— Problem description —
Would you copy the listing below exactly, keeping the pictures out?

— Input data —
——
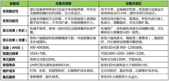 面對(duì)DLP大屏幕拼墻系統(tǒng)老舊問(wèn)題,Lumens推出的升級(jí)改造、維保維修等相關(guān)換機(jī)解決方案,在原有設(shè)備充分利舊、 節(jié)能環(huán)保、資源再生的原則上,實(shí)施技術(shù)升級(jí)改造,既能實(shí)現(xiàn)和滿(mǎn)足用戶(hù)需求,又不致使過(guò)大花費(fèi),完美的解決了客戶(hù)痛點(diǎn)。Lumens換機(jī)解決方案保留現(xiàn)有DLP單元箱體、反射鏡、投影屏幕、大屏單元安裝底座支架等設(shè)備部件的基礎(chǔ)上,升級(jí)更換與保留部件配套的新型LED光源光機(jī)、圖像處理系統(tǒng)平臺(tái)及相關(guān)配套部件,以實(shí)現(xiàn)系統(tǒng)設(shè)備的升級(jí)、滿(mǎn)足用戶(hù)不斷增長(zhǎng)的顯示業(yè)務(wù)需求、延長(zhǎng)使用壽命及穩(wěn)定運(yùn)行的目的。之所以能做到這一點(diǎn),是因?yàn)樽鳛楸惩懂a(chǎn)品第一制造商,Lumens自主研發(fā)的AI電子智能調(diào)整技術(shù)可以自適應(yīng)所有品牌的舊單元箱體:自適應(yīng)替換任意機(jī)芯。
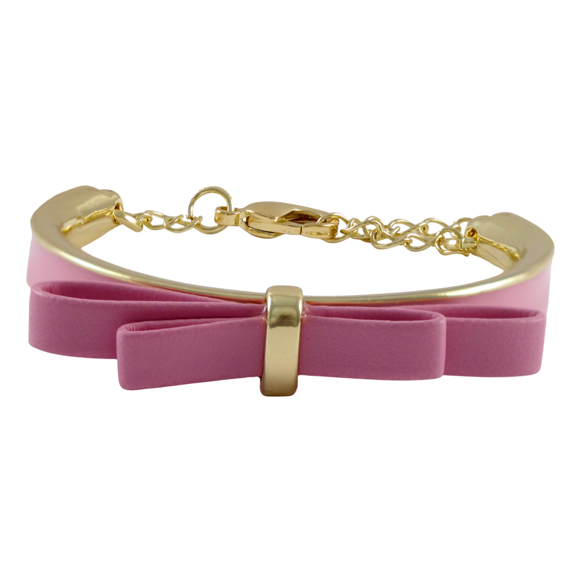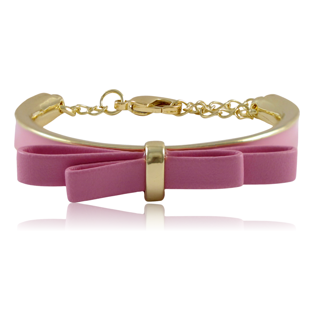 - Fashion Bangle 65mm - 4mm Gold Plated Non Hollow PINK BOW Chain
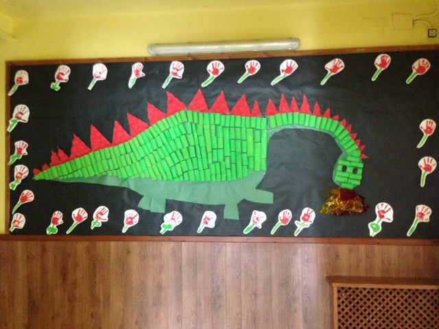 Els nens i nenes d’infantil hem decorat l’entrada de l’escola donant la benvinguda a la primavera i amb un drac de Sant Jordi ben divertit. També hem celebrat Sant Jordi decorant el passadís amb dibuixos de la llegenda de Sant Jordi i fent unes roses ben boniques.
——
— Result —
 面對(duì)DLP大屏幕拼墻系統(tǒng)老舊問(wèn)題,Lumens推出的升級(jí)改造、維保維修等相關(guān)換機(jī)解決方案,在原有設(shè)備充分利舊、 節(jié)能環(huán)保、資源再生的原則上,實(shí)施技術(shù)升級(jí)改造,既能實(shí)現(xiàn)和滿(mǎn)足用戶(hù)需求,又不致使過(guò)大花費(fèi),完美的解決了客戶(hù)痛點(diǎn)。Lumens換機(jī)解決方案保留現(xiàn)有DLP單元箱體、反射鏡、投影屏幕、大屏單元安裝底座支架等設(shè)備部件的基礎(chǔ)上,升級(jí)更換與保留部件配套的新型LED光源光機(jī)、圖像處理系統(tǒng)平臺(tái)及相關(guān)配套部件,以實(shí)現(xiàn)系統(tǒng)設(shè)備的升級(jí)、滿(mǎn)足用戶(hù)不斷增長(zhǎng)的顯示業(yè)務(wù)需求、延長(zhǎng)使用壽命及穩(wěn)定運(yùn)行的目的。之所以能做到這一點(diǎn),是因?yàn)樽鳛楸惩懂a(chǎn)品第一制造商,Lumens自主研發(fā)的AI電子智能調(diào)整技術(shù)可以自適應(yīng)所有品牌的舊單元箱體:自適應(yīng)替換任意機(jī)芯。
 - Fashion Bangle 65mm - 4mm Gold Plated Non Hollow PINK BOW Chain
 Els nens i nenes d’infantil hem decorat l’entrada de l’escola donant la benvinguda a la primavera i amb un drac de Sant Jordi ben divertit. També hem celebrat Sant Jordi decorant el passadís amb dibuixos de la llegenda de Sant Jordi i fent unes roses ben boniques.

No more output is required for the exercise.